Había un granito de sal perdido en la inmensidad de una playa caribeña. Tirado sobre la arena resistía las brasas del sol candente. En las noches, unas de luna y estrellas, otras quizás opacas y secas se refugiaba bajo las hojas marchitas de un árbol de frescura.

Pasaban lunas y soles. Noches y días el granito permanecía soñando ser parte del castillo de arena del niño arquitecto.

-Si la niña se fija en mí, tal vez pueda cubrir el cuerpo de su padre. ¡Si tan sólo en uno de sus puñados alcanzara la dicha de estar entre sus manos!
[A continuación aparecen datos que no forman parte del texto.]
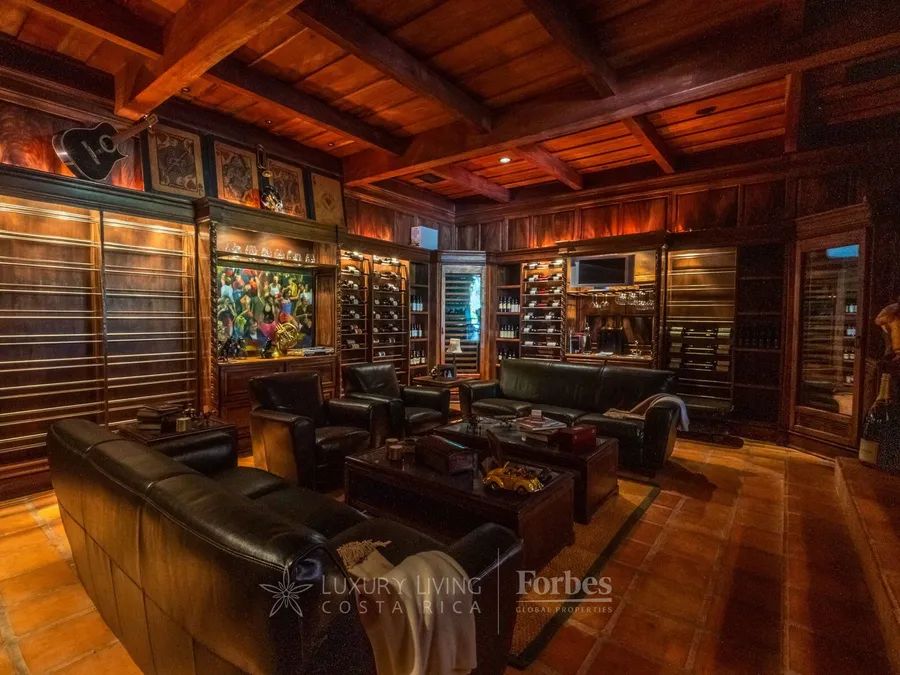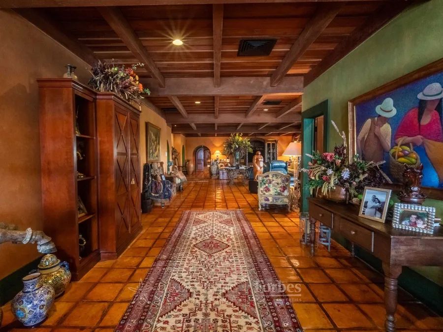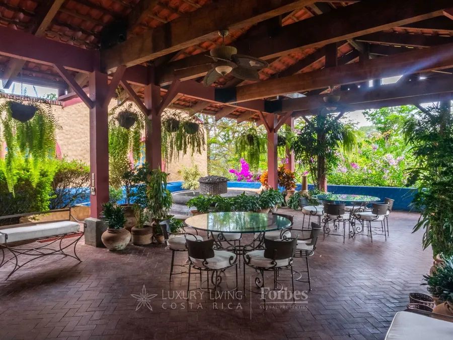 This spectacular hacienda style mansion was designed for private entertaining. It is located at 800 meters over sea level in the beautiful town of San Isidro del General, at about one hour distance from the beaches of Dominical, in the South Pacific Coast of Costa Rica. The main house is surrounded by mature trees, colorful bougainvilleas, and all kinds of palm trees and lush tropical gardens.

Con la suavidad de la pluma de un ave, comenzaron a moverse las hojas de los manglares. Las palmeras en reverencia al viento se inclinaban… y en un ¡zigzag! las arenas se esparcían por el aire. El granito fue cargado por el viento. Temeroso de su destino imploró al cielo:

-Sólo soy un grano de sal, no fui montaña, ni siquiera roca. ¡Déjame al menos fundirme en las arenas de otra playa!

Se detuvo el viento. El granito cayó en unas manos abiertas que descendían entre las nubes. Al tocar las aguas las manos se abrieron aún más…

Fue así como se unieron la sal y el agua, en un beso eterno para formar del amor un océano a la vista del cielo.